Tests: clutter category, ad label removal, nav bar preservation logic.

Co-Authored-By: Claude Opus 4.6 (1M context) <noreply@anthropic.com>

* test: LLM-based cleanup architecture, deterministic heuristics, sticky nav

22 new tests covering:
- Cleanup button uses /sidebar-command (agent) not /command (deterministic)
- Cleanup prompt includes deterministic first pass + agent snapshot analysis
- Cleanup prompt lists specific clutter categories for agent guidance
- Cleanup prompt preserves site identity (masthead, headline, body, byline)
- Cleanup prompt instructs scroll unlock and $B eval removal
- Loading state management (async agent, setTimeout)
- Deterministic clutter: audio/podcast, games/puzzles, recirculation
- Ad label text patterns (ADVERTISEMENT, Sponsored, Article continues)
- Ad label parent wrapper hiding for small containers
- Sticky nav preservation (sort by position, first full-width near top)
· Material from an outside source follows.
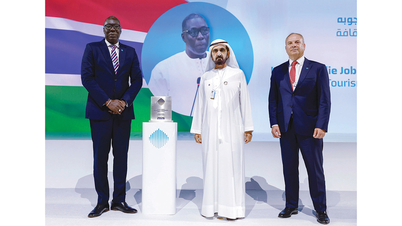 كرّم صاحب السمو الشيخ محمد بن راشد آل مكتوم، نائب رئيس الدولة رئيس مجلس الوزراء حاكم دبي، رعاه الله، بحضور سمو الشيخ حمدان بن محمد بن راشد آل مكتوم، ولي عهد دبي نائب رئيس مجلس الوزراء وزير الدفاع رئيس المجلس التنفيذي لإمارة دبي، وسمو الشيخ عمار بن حميد النعيمي، ولي عهد عجمان، وسمو الشيخ محمد بن حمد بن محمد الشرقي، ولي عهد الفجيرة، أمس، وزير السياحة والثقافة في جمهورية غامبيا، عبدولي جوبة، بجائزة أفضل وزير في العالم في دورتها التاسعة، وذلك ضمن أعمال القمة العالمية للحكومات 2026.

Co-Authored-By: Claude Opus 4.6 (1M context) <noreply@anthropic.com>

* feat: GStack Browser stealth + branding — anti-bot patches, custom UA, rebrand

- Add GSTACK_CHROMIUM_PATH env var for custom Chromium binary
- Add BROWSE_EXTENSIONS_DIR env var for extension path override
- Move auth token to /health endpoint (fixes read-only .app bundles)
- Anti-bot stealth: disable navigator.webdriver, fake plugins, languages
- Custom user agent: Chrome/<version> GStackBrowser (auto-detects version)
- Rebrand Chromium plist to "GStack Browser" at launch time
- Update security test to match new token-via-health approach

* feat: GStack Browser .app bundle — launcher script + build system

- scripts/app/gstack-browser: dual-mode launcher (dev + .app bundle)
- scripts/build-app.sh: compiles binary, bundles Chromium + extension, creates DMG
- Rebrands Chromium plist during build for "GStack Browser" in menu bar
- 389MB .app, 189MB compressed DMG, launches in ~5s

* docs: GStack Browser V0 master plan — AI-native development browser vision

5-phase roadmap from .app wrapper through Chromium fork, 9 capability
visions, competitive landscape, architecture diagrams, design system.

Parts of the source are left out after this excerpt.